Acadiana Business

Direct seafood marketing program expanding

by Walter Pierce

A boat-to-table seafood marketing project is expanding to two areas in southeast Louisiana, with plans for the southwest.

ABBEVILLE, La. (AP) - A boat-to-table seafood marketing project is expanding to two areas in southeast Louisiana, with plans for the southwest.

Boat captains post arrival times and their catch on the Internet. People can place orders before the boat gets in under a program started in 2010 at the Port of Delcambre.

"The goal was to provide a means of economic survival for the struggling owners of commercial fishing operations," said Thomas Hymel, LSU AgCenter seafood project director. "When a shrimp boat lands at the port of Delcambre, the shrimp are now sold in a few hours where it used to take days."

Louisiana Direct Seafood started as a joint effort of the AgCenter, Louisiana Sea Grant, the Twin Parish Port Commission and Iberia Industrial Development Foundation. It has worked so well that the AgCenter and Louisiana Sea Grant got a $560,000 grant from the Gulf States Marine Fisheries Commission to add three more areas, Hymel said.

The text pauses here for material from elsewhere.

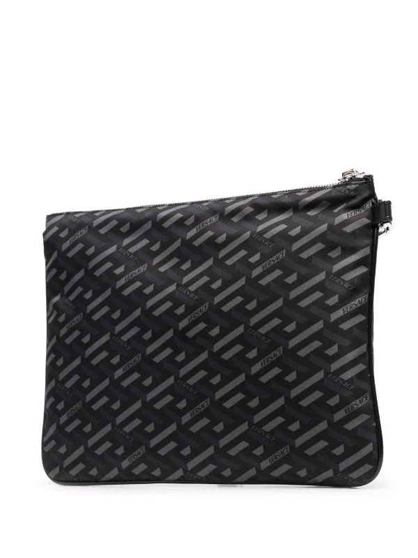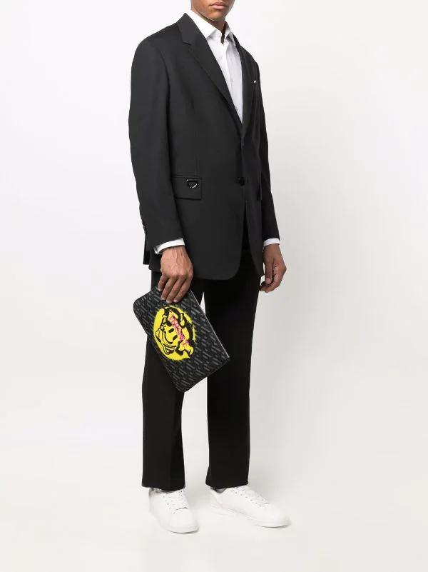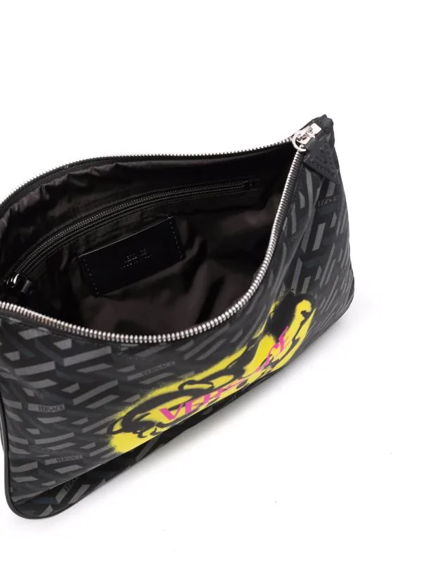 Motif Medusa Smile signature, anse-dragonne détachable, fermeture zippée sur le dessus, patch logo intérieur, poche intérieure zippée. Couleur : noir. Matière : cuir.

SouthShore-New Orleans includes the area along the southern shore of Lake Pontchartrain, St. Bernard and south to Plaquemines Parish. The LaTer program area includes Lafourche and Terrebonne parishes. Expansion also is planned into the Cameron Parish coastal area.

The Louisiana Direct Seafood website, http://louisianadirectseafood.com, provides about buying seafood direct. It links to the four project websites - SouthShore Direct, LaTer Direct, Delcambre Direct and Cameron Direct. Each has a "Fresh Catch" message board.

For fishermen, the website also has videos giving advice on using the program, marketing seafood, using social media to sell their products, boat engine maintenance, obtaining a fresh seafood license and details of hiring foreign labor, Hymel said.

So far, 30 participants are selling seafood out of the Delcambre area, and 25 have signed up in Lafourche and Terrebonne parishes, with 30-40 expected in the New Orleans area, he said.

The program has not started in Cameron yet. That will be more of a challenge because buyers must drive longer, Hymel said.

The project is increasing sales and enabling fishermen to get more money for their catch. "They are getting two to three times the wholesale price," Hymel said. "It is making a difference."

The Delcambre project also developed a local brand offering a value-added frozen shrimp product sold as Vermilion Bay Sweet Shrimp. The shrimp are hand peeled and deveined as a jumbo size. A gumbo shrimp pack is currently being developed under the same brand.

Businesses ask for it, and would buy more if it was available, Hymel said.